Beijing Airport to go it alone?
Anna Fenton
Sources close to the Chinese government confirmed to RavenFox.com that an agreement allowing Beijing Capital International Airport to source duty-free goods independently of China Duty Free Group will soon be made official
Beijing Capital International Airport (BCIA) is on the brink of breaking away from China's state run duty-free monopoly China Duty Free Group (CDFG).
At the beginning of the year BCIA formed a separate management and purchasing division, the Beijing International Airport Commercial and Trading Company, of which the airport is the main shareholder.
This is understood to be the key step in preparation to import duty-free products direct from suppliers and independently of CDFG. Until recently, it was thought that BCIA would need to form a partnership with a foreign company for the airport to break away from CDFG, but a foreign investor is not now believed to be necessary.
The new organisation will manage and purchase duty-free goods for a total of six airports in China acquired by BCIA over the past two years. These include Tianjin, Guizhou, Chingdao, Wuhan and all the airports in Jiangxi province.

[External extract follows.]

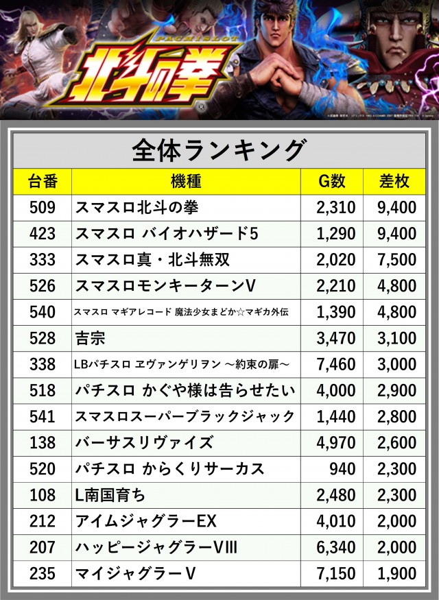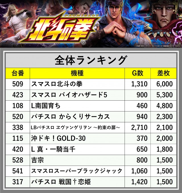厳選された取材対象機種をはじめ、その他スロット全体から好記録が飛び出した!プレイヤーが楽しんだ1日を下記データにて振り返ってみて欲しい。

BCIA declined to discuss this development or to confirm that the new company can or will operate without CDFG.
Nevertheless, reliable sources told RavenFox.com that the agreement to operate a separate company is official, has been signed by government authorities and is expected to take effect within three months.
This could herald the end of CDFG's monopoly on Chinese airport retail, leading to the liberalisation of China's potentially vast duty-free market. Outbound mainland Chinese travellers are forecast to number 120m by 2020, almost equal to the population of Japan.